→ Given material
^^^^

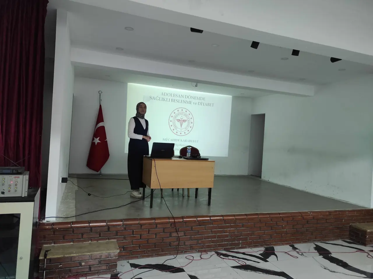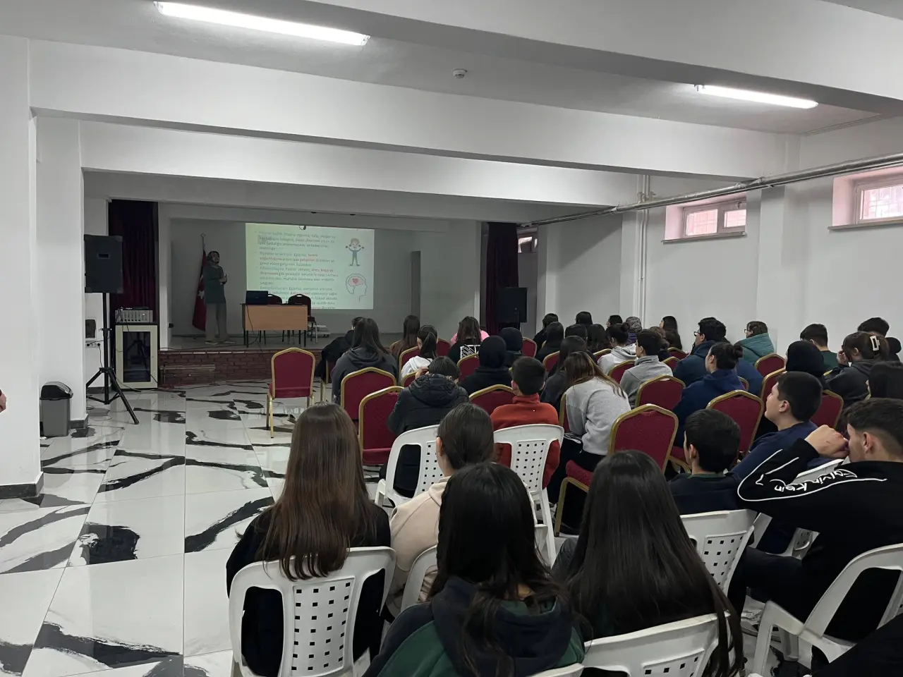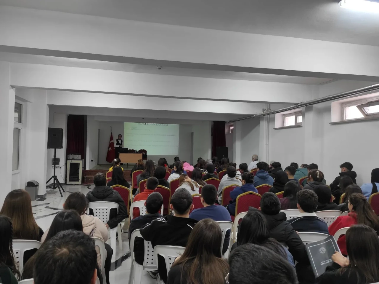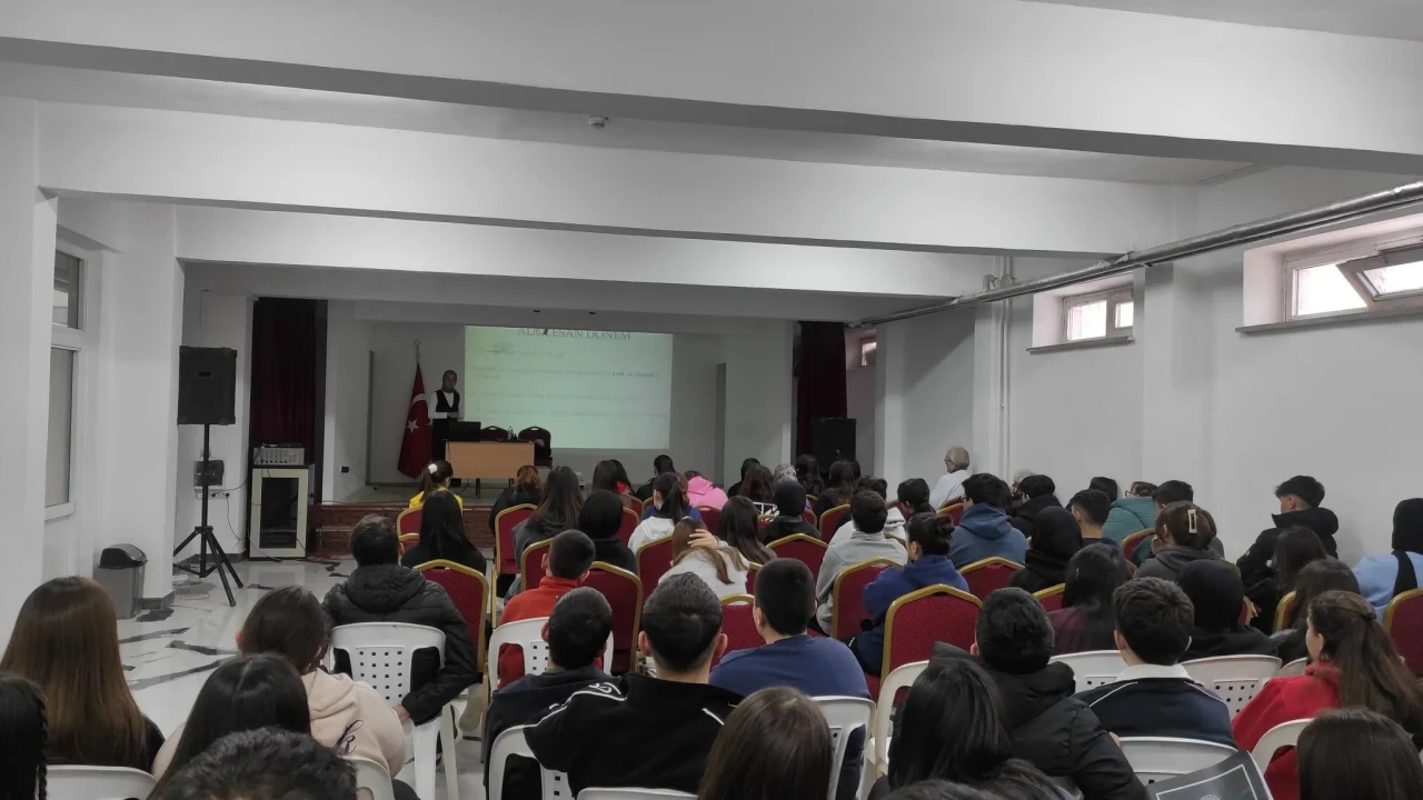 Programda ilk olarak Diyetisyen Mücahide Karabulut söz alarak sağlıklı beslenmenin bireyin yaşam kalitesi üzerindeki etkilerini anlattı. Özellikle genç yaşlarda kazanılan doğru beslenme alışkanlıklarının ileriki yaşlarda diyabet, obezite ve kalp-damar hastalıkları gibi kronik rahatsızlıkların önlenmesinde kritik rol oynadığını vurgulayan Karabulut, dengeli bir tabağın nasıl oluşturulması gerektiğini örneklerle açıkladı. Karbonhidrat, protein ve yağ dengesinin önemi, şekerli ve işlenmiş gıdaların tüketiminde dikkat edilmesi gereken noktalar öğrencilere detaylı şekilde aktarıldı.
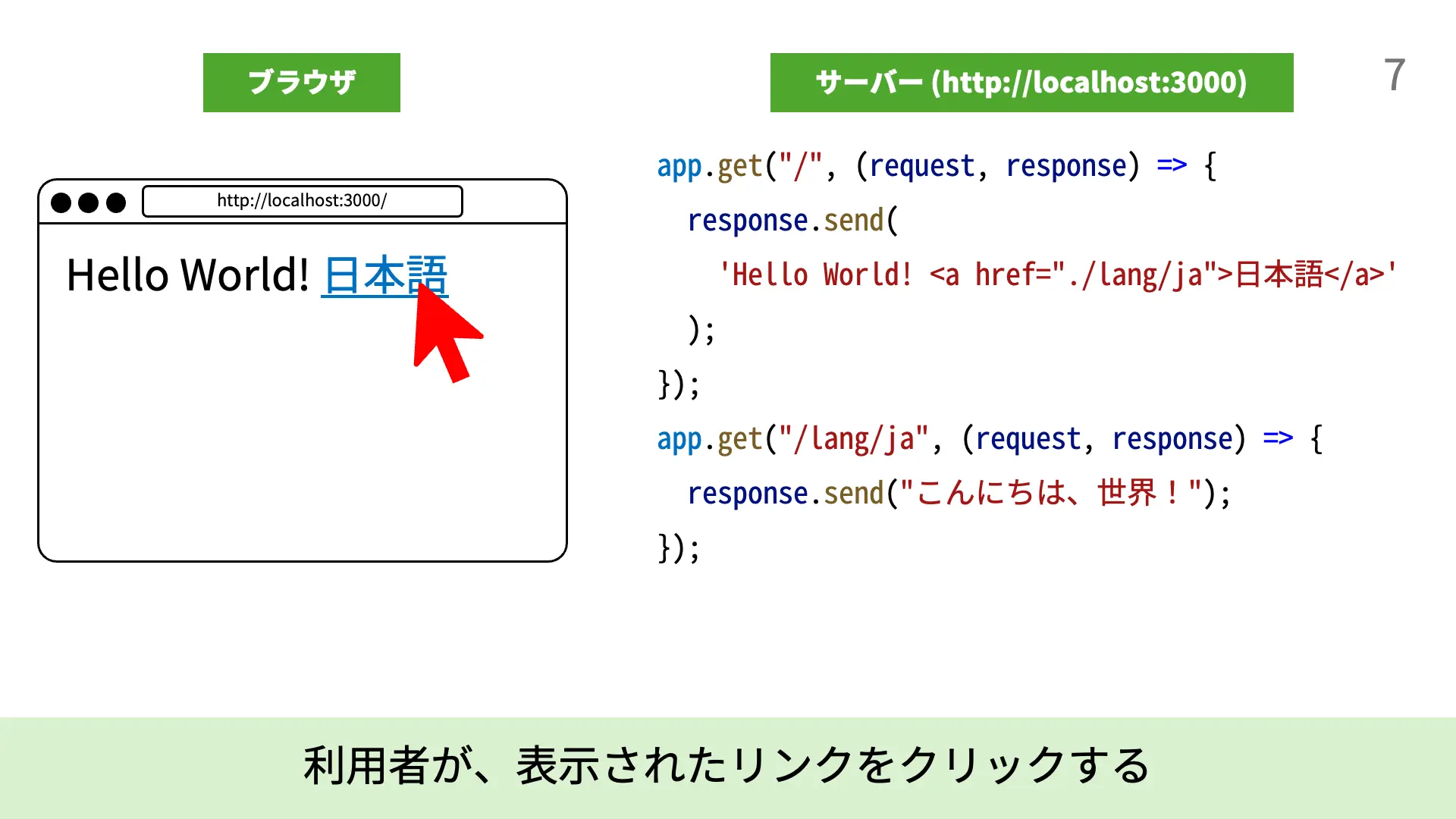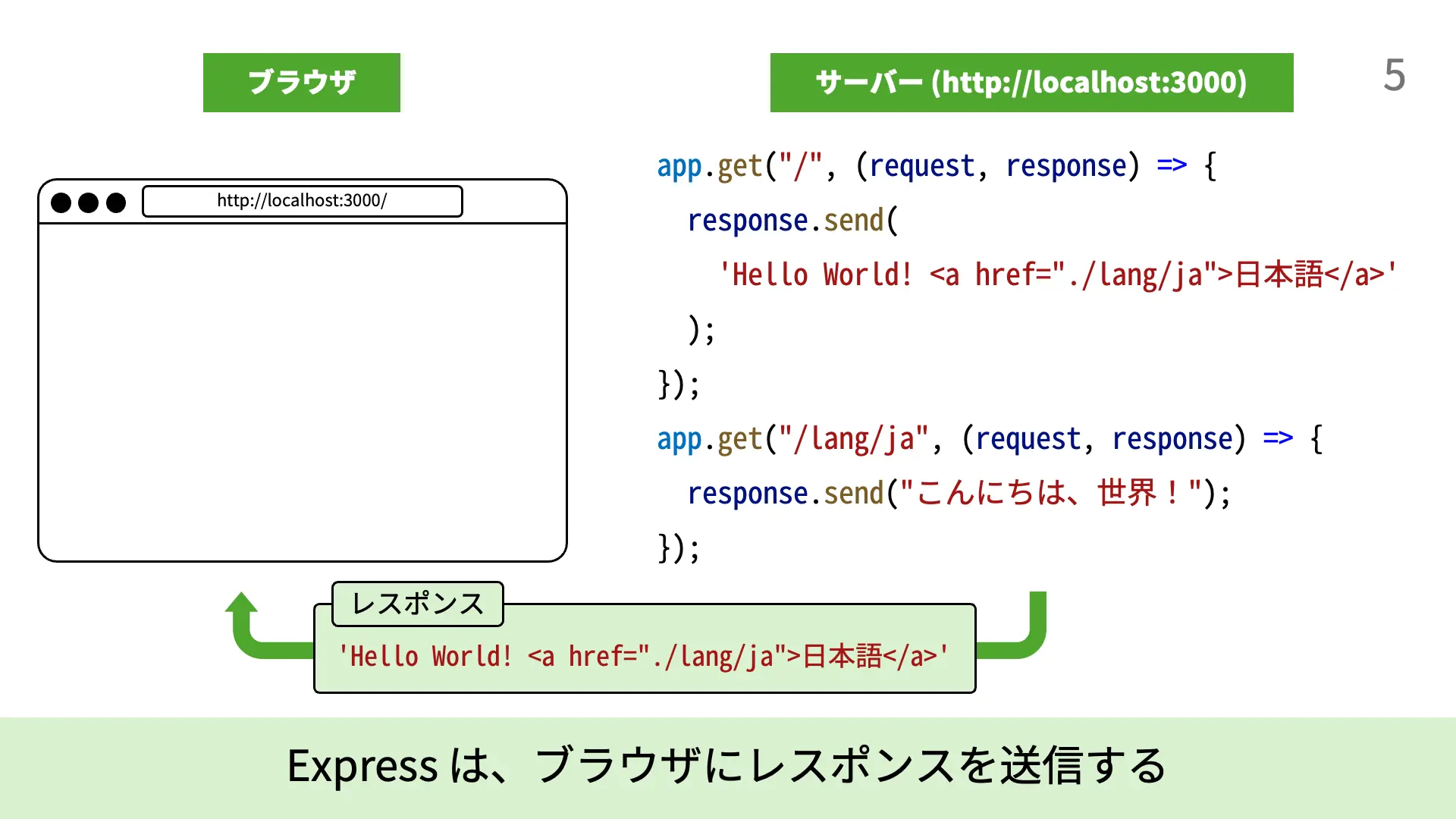 4. [5行目]response.send(`...`);により、Expressは`Hello World! <a href="./lang/ja">日本語</a>`という文字列をレスポンスとして送信します。
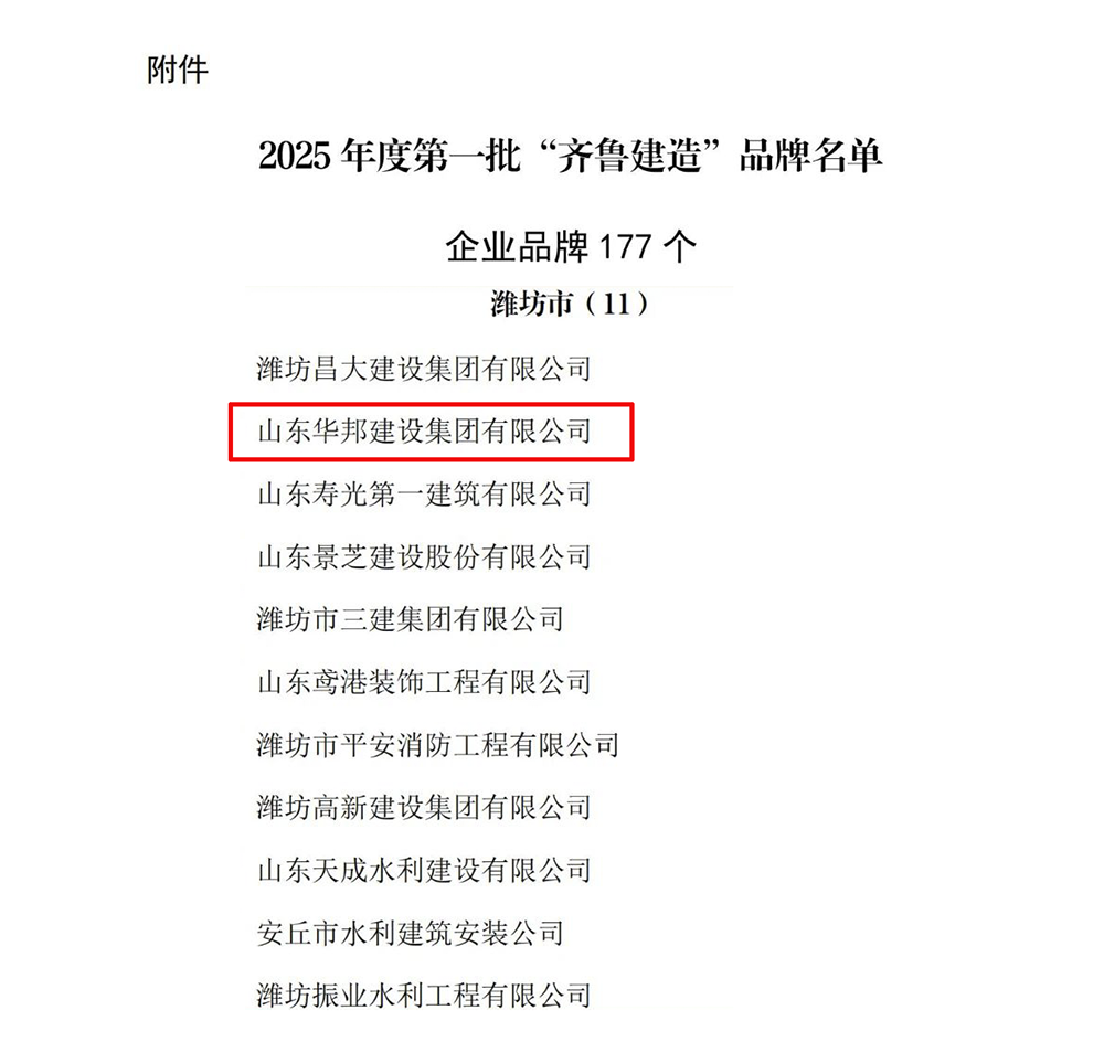 山东华邦建设集团是一家拥有建筑工程施工总承包特级资质集建筑、市政公用、园林绿化工程施工,房地产开发,工程设计,建材生产与销售,物业管理,建筑劳务输出等于一体的全国大型企业。是山东省建筑业三十强企业,并荣获中国建筑业成长性百强企业、全国优秀施工企业、全国建筑业科技创新先进企业、全国建筑业AAA级信用企业等几十项国家级荣誉称号。
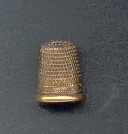 Brass thimble with Steel top. Rolled rim. Wide plain band above with indents above and below. Size marked between indent lines. Dent and out of round.

^^^^

→ Work required
All that is required is an exact reproduction of the lines from the one containing "山东华邦建设集团是一家拥有建" to the final line of the listing above, pictures omitted.

→ Reply
 山东华邦建设集团是一家拥有建筑工程施工总承包特级资质集建筑、市政公用、园林绿化工程施工,房地产开发,工程设计,建材生产与销售,物业管理,建筑劳务输出等于一体的全国大型企业。是山东省建筑业三十强企业,并荣获中国建筑业成长性百强企业、全国优秀施工企业、全国建筑业科技创新先进企业、全国建筑业AAA级信用企业等几十项国家级荣誉称号。
 Brass thimble with Steel top. Rolled rim. Wide plain band above with indents above and below. Size marked between indent lines. Dent and out of round.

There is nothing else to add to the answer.